Abstract
Introduction
We sought to determine whether protocol biopsies could be used to guide treatment and improve outcomes in simultaneous pancreas-kidney (SPK) patients.
Methods
: Between 2004 and 2013, protocol biopsies were performed on SPK patients at 3–6 months and one year post-transplant. Maintenance immunosuppression consisted of a calcineurin inhibitor, anti-proliferative agent, and corticosteroid. Corticosteroid was withdrawn in negative early biopsies, maintained in subclinical/ borderline biopsies, and increased if Banff IB or greater rejection was identified. Endpoints included presence of interstitial fibrosis and tubular atrophy on biopsy at one year (IF/TA), rejection episodes, and renal and pancreas function at five years’ followup.
Results
Forty-one SPK transplant patients were reviewed and a total of 75 protocol biopsies were identified. On early biopsy, 51% had negative biopsies, 44% had borderline rejection, and 5% had subclinical rejection. Renal and pancreas function were not significantly different at one, two, and five years post-transplant between negative vs. borderline early biopsy patients. No difference in the degree of IF/TA was found between these two groups.
Conclusions
To our knowledge, this is the first study to evaluate protocol biopsies as an investigative tool prior to steroid withdrawal in SPK patients.

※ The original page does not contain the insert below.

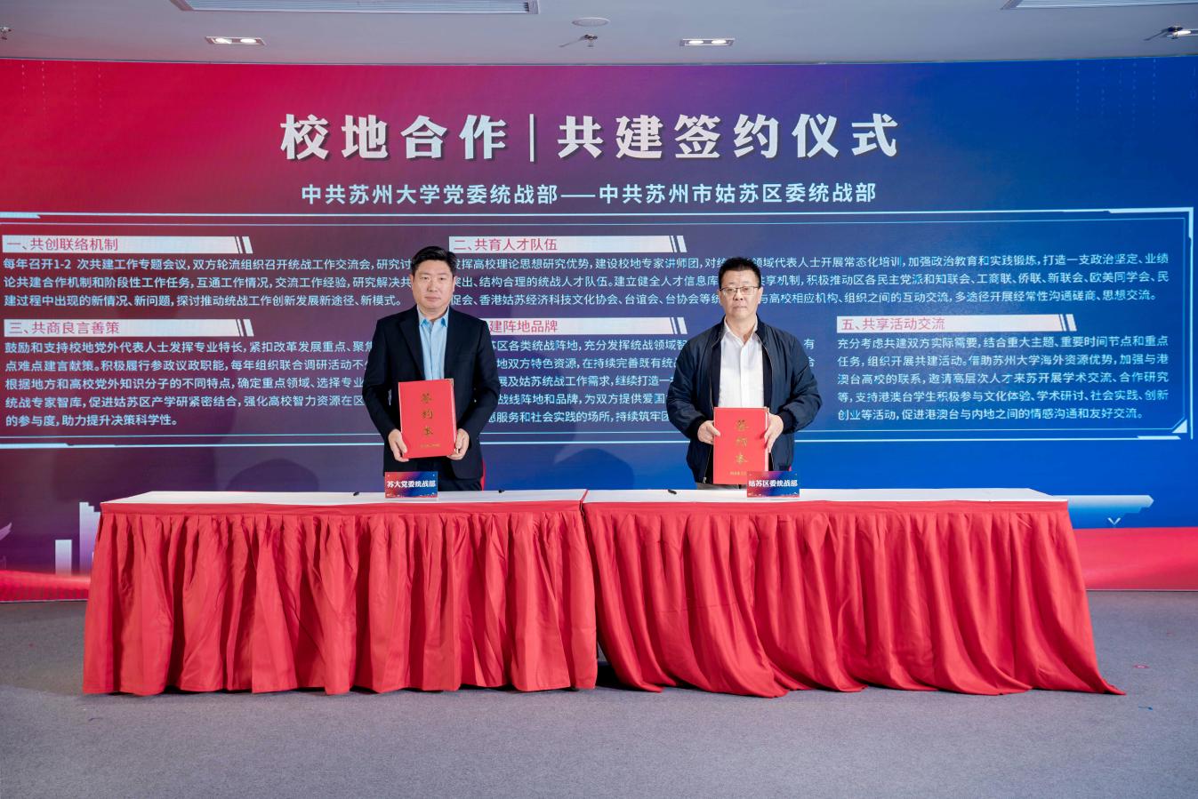 为深入学习贯彻党的二十大精神,落实中央和省委、市委统战工作要求,进一步深化校地统战合作共建,建立组织共建、资源共享、人才共育的交流合作机制,11月15日,苏州大学党委统战部和姑苏区委统战部在姑苏云谷举行了共建签约协议。校党委常委、统战部部长黄志斌,统战部副部长叶明昌出席签约仪式。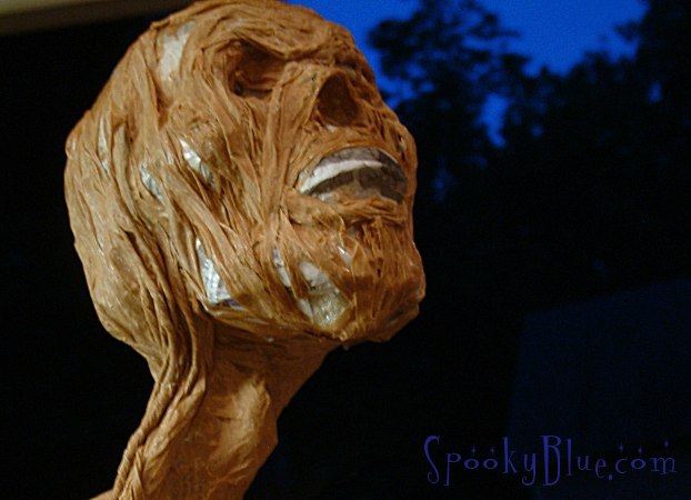 Here is an example of a paper skull mounted on its neck bone, then a little while later...brrr. Creepy zombie. I hope yours are as creepy. If you found this write-up helpful, please let us know! Have fun haunting!

Our study suggests that there are no detrimental functional or histological effects at five years post-transplant, despite weaning steroids in the negative biopsy group.
Introduction
Interstitial fibrosis and tubular atrophy (IF/TA) is the principle cause of kidney allograft failure and is commonly precipitated by episodes of acute rejection.1 While recent improvements in immunosuppressive therapy have reduced the incidence of acute rejection, these pharmacological advances have not translated into a reduction in the prevalence of IF/ TA or an improvement in long-term outcomes.2,3 Current literature suggests that clinically undetectable graft pathology (including borderline and subclinical rejection) may be a predictor of future development of IF/TA and eventual graft loss.3–5
Subclinical rejection refers to a histological finding of acute cellular rejection using the Banff criteria (≥grade IA) in the absence of renal dysfunction.3,6 Borderline rejection is defined as Banff grade <IA in the absence of renal dysfunction. While some authors consider borderline rejection to be grouped with subclinical rejection, the significance of borderline rejection is largely unknown.3
Protocol biopsies are histological allograft samples taken at predetermined times after transplant, in the absence of any clinically detectable graft dysfunction. These biopsies provide the opportunity to recognize silent graft pathology (subclinical/borderline changes) in a timely manner and potentially optimize treatment to prolong graft function and survival. A study by Nankivell et al demonstrated a high incidence of IF/TA in simultaneous pancreas-kidney (SPK) patients undergoing protocol biopsies.1 However, these biopsies were not used to guide subsequent treatment of patients.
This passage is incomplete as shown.